__Material shown__:
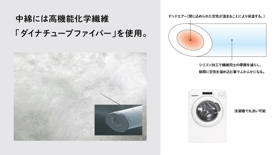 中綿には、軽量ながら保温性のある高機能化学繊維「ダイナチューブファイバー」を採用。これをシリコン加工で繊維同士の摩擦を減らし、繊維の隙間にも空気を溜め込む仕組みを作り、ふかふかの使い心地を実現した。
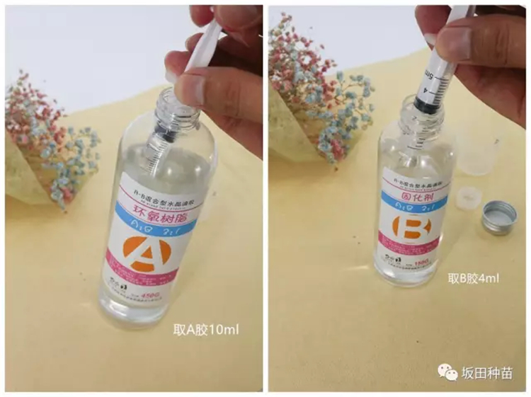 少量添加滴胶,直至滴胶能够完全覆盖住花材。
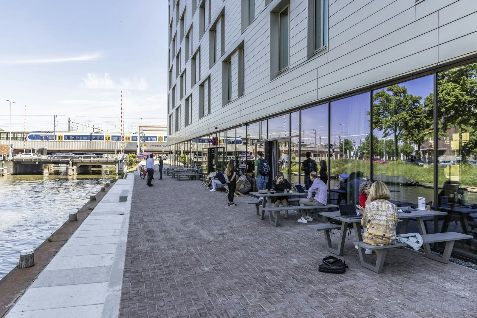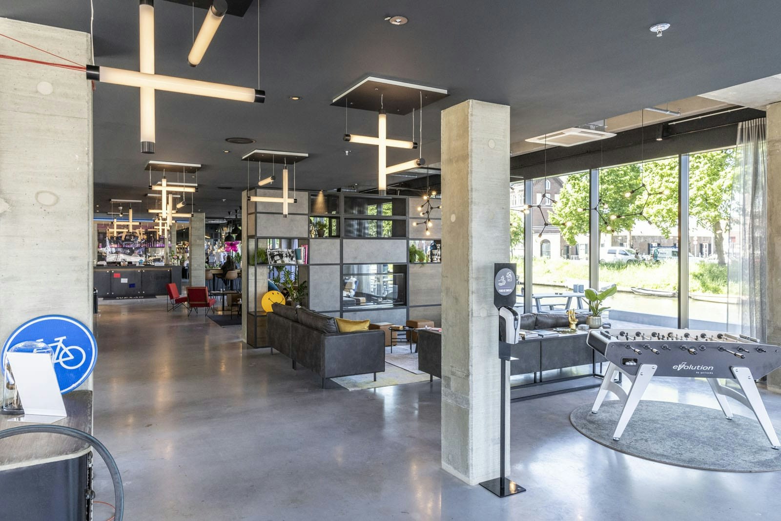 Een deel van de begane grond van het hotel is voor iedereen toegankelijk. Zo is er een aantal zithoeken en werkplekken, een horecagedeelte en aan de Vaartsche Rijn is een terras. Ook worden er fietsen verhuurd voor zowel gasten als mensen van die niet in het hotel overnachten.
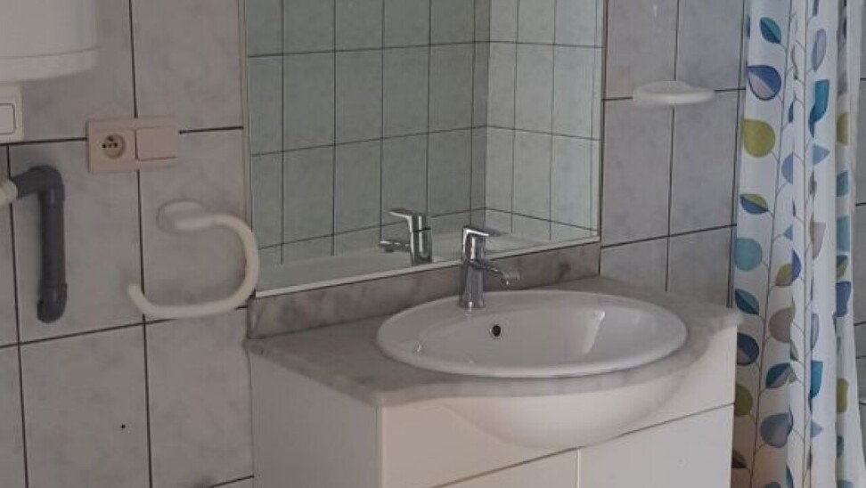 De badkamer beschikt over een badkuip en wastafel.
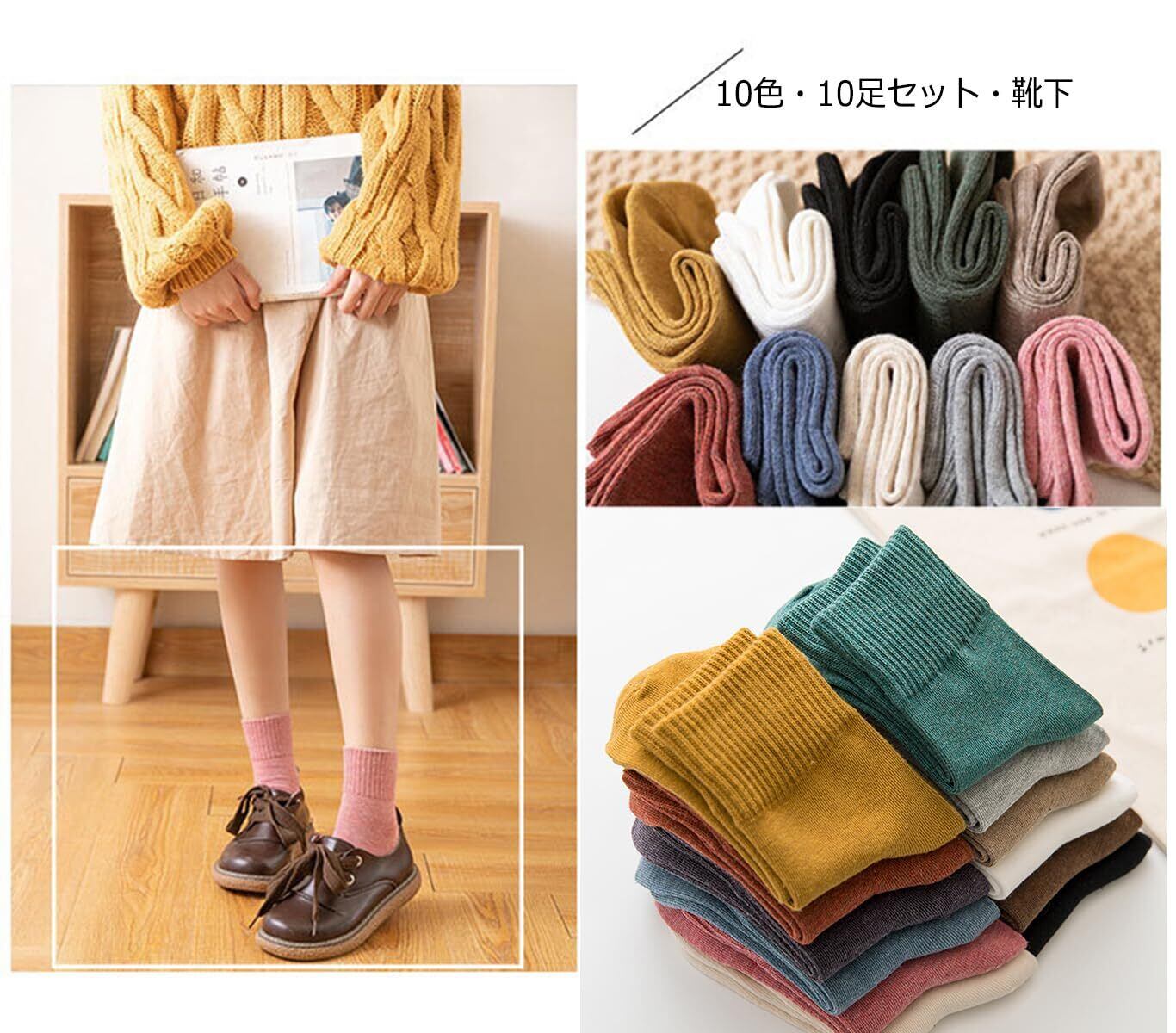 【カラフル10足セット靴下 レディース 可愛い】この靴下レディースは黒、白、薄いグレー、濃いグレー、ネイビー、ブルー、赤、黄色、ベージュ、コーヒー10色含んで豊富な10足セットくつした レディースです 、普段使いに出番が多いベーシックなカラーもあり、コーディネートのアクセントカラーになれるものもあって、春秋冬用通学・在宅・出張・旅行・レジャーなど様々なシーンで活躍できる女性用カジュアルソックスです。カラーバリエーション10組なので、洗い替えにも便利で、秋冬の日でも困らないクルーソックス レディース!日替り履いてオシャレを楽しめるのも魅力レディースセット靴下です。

__Activity__: Output every record above word for word, omitting any pictures they contain.

__Solution to the problem__:
 中綿には、軽量ながら保温性のある高機能化学繊維「ダイナチューブファイバー」を採用。これをシリコン加工で繊維同士の摩擦を減らし、繊維の隙間にも空気を溜め込む仕組みを作り、ふかふかの使い心地を実現した。
 少量添加滴胶,直至滴胶能够完全覆盖住花材。
 Een deel van de begane grond van het hotel is voor iedereen toegankelijk. Zo is er een aantal zithoeken en werkplekken, een horecagedeelte en aan de Vaartsche Rijn is een terras. Ook worden er fietsen verhuurd voor zowel gasten als mensen van die niet in het hotel overnachten.
 De badkamer beschikt over een badkuip en wastafel.
 【カラフル10足セット靴下 レディース 可愛い】この靴下レディースは黒、白、薄いグレー、濃いグレー、ネイビー、ブルー、赤、黄色、ベージュ、コーヒー10色含んで豊富な10足セットくつした レディースです 、普段使いに出番が多いベーシックなカラーもあり、コーディネートのアクセントカラーになれるものもあって、春秋冬用通学・在宅・出張・旅行・レジャーなど様々なシーンで活躍できる女性用カジュアルソックスです。カラーバリエーション10組なので、洗い替えにも便利で、秋冬の日でも困らないクルーソックス レディース!日替り履いてオシャレを楽しめるのも魅力レディースセット靴下です。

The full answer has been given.